● **Extracted material**:
────────────────
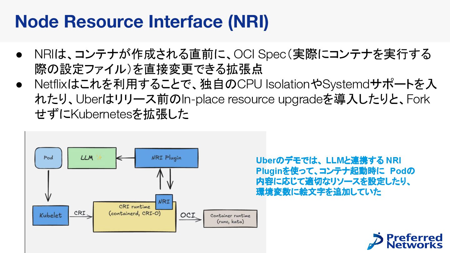 6. 13 • NRIは、コンテナが作成される直前に、OCI Spec(実際にコンテナを実行する 際の設定ファイル)を直接変更できる拡張点 • Netflixはこれを利用することで、独自のCPU IsolationやSystemdサポートを入 れたり、Uberはリリース前のIn-place resource
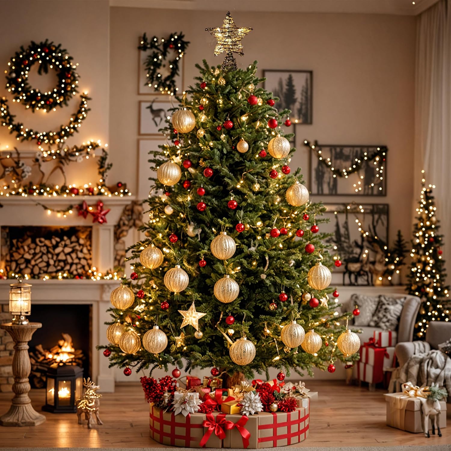 - RUSTIC DESIGN: Handcrafted tree topper made from natural rattan branches arranged in a stunning star pattern, perfect for farmhouse-style Christmas decor
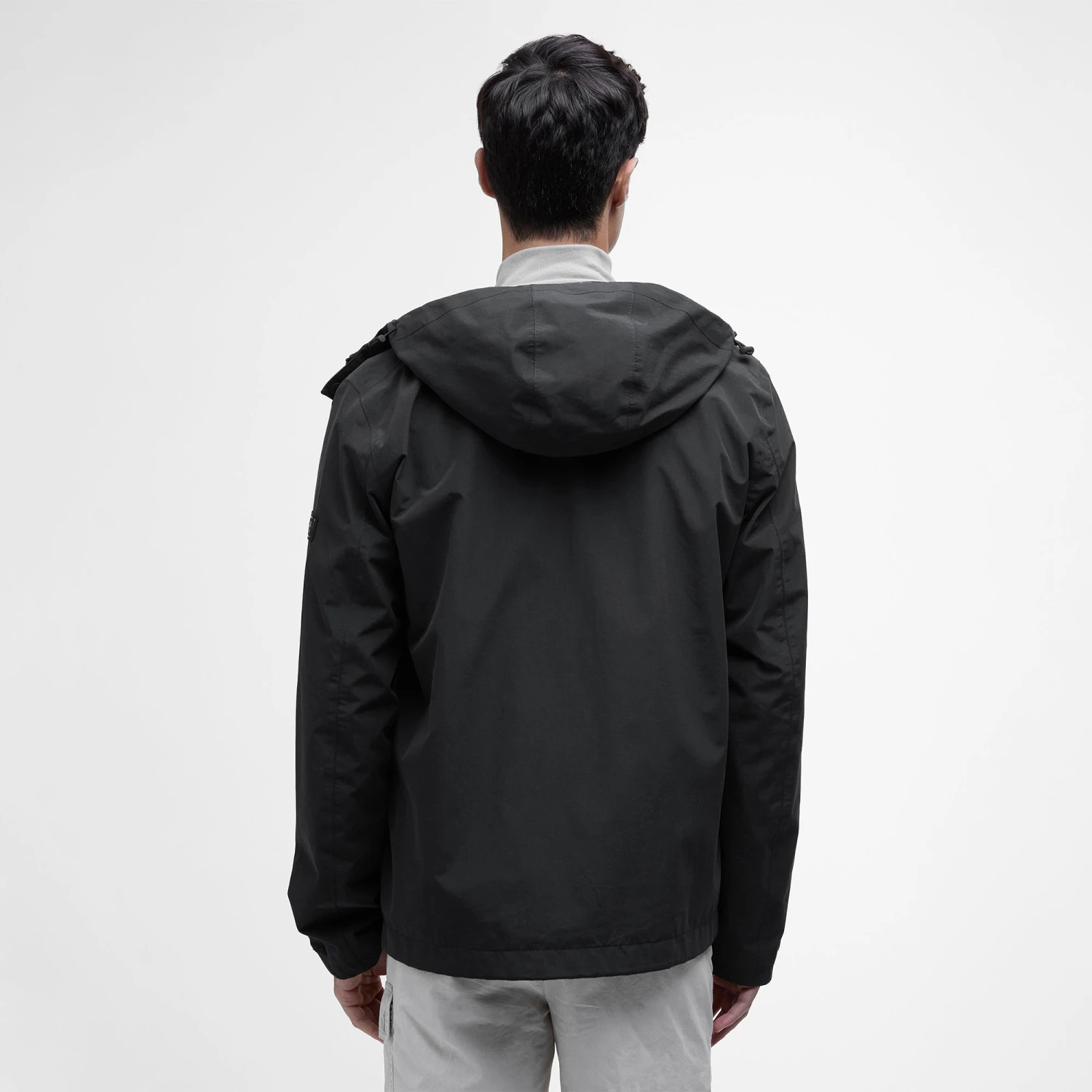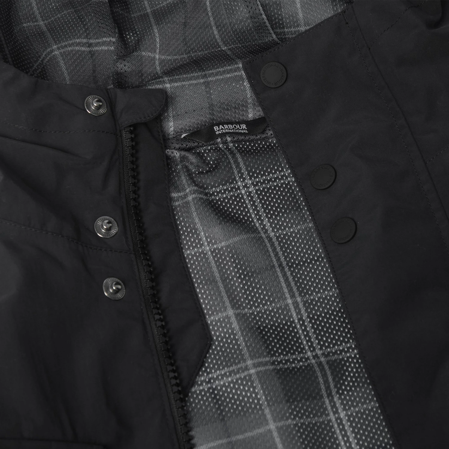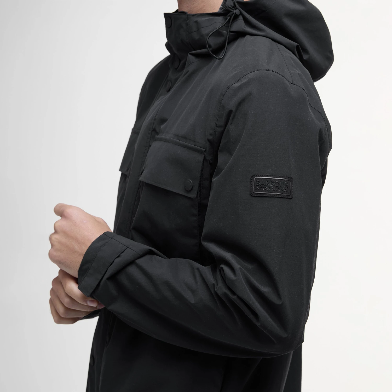 - Barbour International black and gun metal embossed badge to left sleeve.
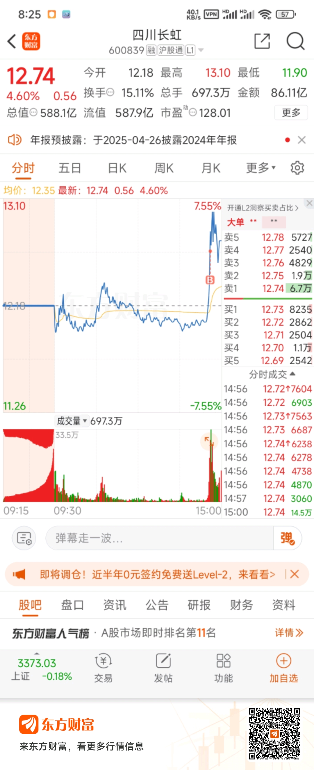 $四川长虹(SH600839)$ 如果明天低开就是绝佳的做t机会,还是别被洗下车了。
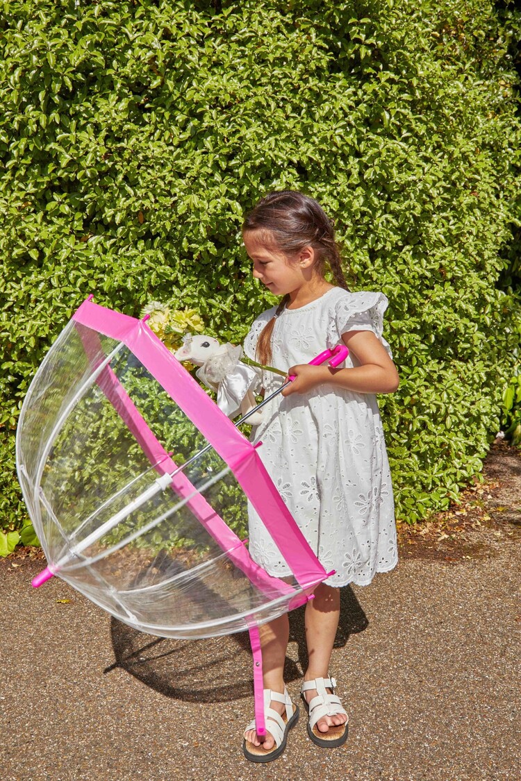 Fun umbrella with a bubble shape and bright colours that children will love! Features patented technology to prevent injury to small hands when opening and closing. Transparent dome canopy for greater visibility. Completely covers head and shoulders. Umbrella measures 68cm long when closed. Span is 65cm when open. Weight 303g (approx.)
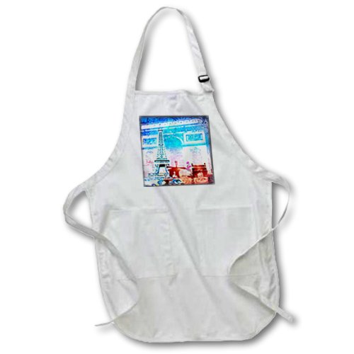 3dRose apr_31519_1 Paris Illustration-Full Length Apron with Pockets, 22 by 30-Inch, White
────────────────
● **Your task**: Whatever lies between the first line of the data and the line holding "Fun umbrella with", inclusive, should be repeated exactly, apart from the pictures.

● **Solved exercise**:
 6. 13 • NRIは、コンテナが作成される直前に、OCI Spec(実際にコンテナを実行する 際の設定ファイル)を直接変更できる拡張点 • Netflixはこれを利用することで、独自のCPU IsolationやSystemdサポートを入 れたり、Uberはリリース前のIn-place resource
 - RUSTIC DESIGN: Handcrafted tree topper made from natural rattan branches arranged in a stunning star pattern, perfect for farmhouse-style Christmas decor
 - Barbour International black and gun metal embossed badge to left sleeve.
 $四川长虹(SH600839)$ 如果明天低开就是绝佳的做t机会,还是别被洗下车了。
 Fun umbrella with a bubble shape and bright colours that children will love! Features patented technology to prevent injury to small hands when opening and closing. Transparent dome canopy for greater visibility. Completely covers head and shoulders. Umbrella measures 68cm long when closed. Span is 65cm when open. Weight 303g (approx.)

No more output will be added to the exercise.